Sorry If this is not the exact place to ask this question, can anyone please tell me that on an average in a month or a year how many rounds are being conducted by the nsw for invitations, as it is pretty much unclear online. 

Thanks in advance


----------



## commie_rick (Dec 15, 2012)

abhishekcool702 said:


> Hey everyone,
> 
> Sorry If this is not the exact place to ask this question, can anyone please tell me that on an average in a month or a year how many rounds are being conducted by the nsw for invitations, as it is pretty much unclear online.
> 
> Thanks in advance


the number of invitations by nsw is anybody's guess. ur right , theres no such info.


----------



## Abhishek.Mathur (Oct 25, 2017)

Hi All,

I'm new to this thread. I have checked my probable score to be 65-70 fr the post of Accountant as per my credentials. Still to give PTE.. Have been reading some other threads so came to know that ppl with 75 points will be hard to get 190 VISA.
can anyone clarify as to how much openings would come and when under 190 for Accountant post ?


----------



## oz.productguy (May 12, 2016)

Hello Folks, 

Checking to see if anyone has received an 190 NSW - Nomination invitation?

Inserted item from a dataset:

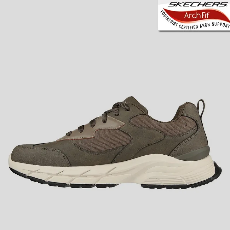 Zapato Deportivo de Hombre SKECHERS ARCH FIT BAXTER DWYER color VERDE OLIVA. Parte superior de piel y malla con cordones y plantilla extraíble Arch Fit® con soporte para el arco plantar certificado por podólogos. Suela de caucho Goodyear con tracción.
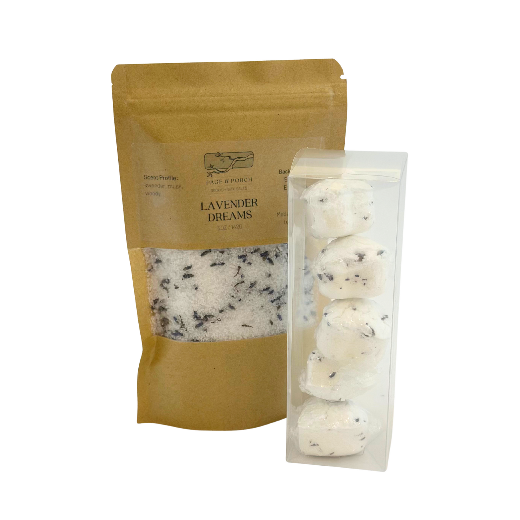 Packaged lavender dreams bath salts and shower steamers with a brown bag and clear container on a white background

Also - I've read on forums, that NSW invites to apply for nomination and then once approved the Visa invitation is sent. Is this true?

Cheers


----------



## animesh1d (Apr 26, 2017)

Hi Guys,

I got NSW invite for 261312 with 70 points, DOE - 28-04-2017.
I got the invite on 22nd November, it took me almost 6 months to get the invite.


----------



## AsifRehman (Apr 26, 2017)

Dear Mates,

Any news for invitation from NSW for 263311 Telecommunications Engineer.

Regards


----------



## mail2samya (Dec 8, 2017)

commie_rick said:


> I'm surprised that you didn't receive an invitation. We both have the same points


do I need to submit any document in nsw govt site for class190?
I ve only submitted eoi only

thanks


----------



## mail2samya (Dec 8, 2017)

animesh1d said:


> Hi Guys,
> 
> I got NSW invite for 261312 with 70 points, DOE - 28-04-2017.
> I got the invite on 22nd November, it took me almost 6 months to get the invite.


congrats,

need one help-
do I need to submit any document in nsw govt site for class190?
I ve only submitted eoi only.Is there any other process apart from eoi submission?

thanks


----------



## ravi.nidadavolu (Jul 1, 2017)

You need to submit a separate EOI for subclass 190 selecting the state as NSW (This is suggested)
After that you need to ensure all the necessary documents are ready if you get an invite.

Nothing else.


----------



## mail2samya (Dec 8, 2017)

ravi.nidadavolu said:


> You need to submit a separate EOI for subclass 190 selecting the state as NSW (This is suggested)
> After that you need to ensure all the necessary documents are ready if you get an invite.
> 
> Nothing else.


ok thanks,

I ve submitted eoi for subclass 190 (nsw)
total pts-65

expected to add 5 pts soon


----------



## sidpadki (Apr 26, 2018)

ravi.nidadavolu said:


> You need to submit a separate EOI for subclass 190 selecting the state as NSW (This is suggested)
> After that you need to ensure all the necessary documents are ready if you get an invite.
> 
> Nothing else.


Hi Ravi ... which occupation code are you applying from? Do you have any insights on ANZSCO code 2334 Electronics Engineering?


----------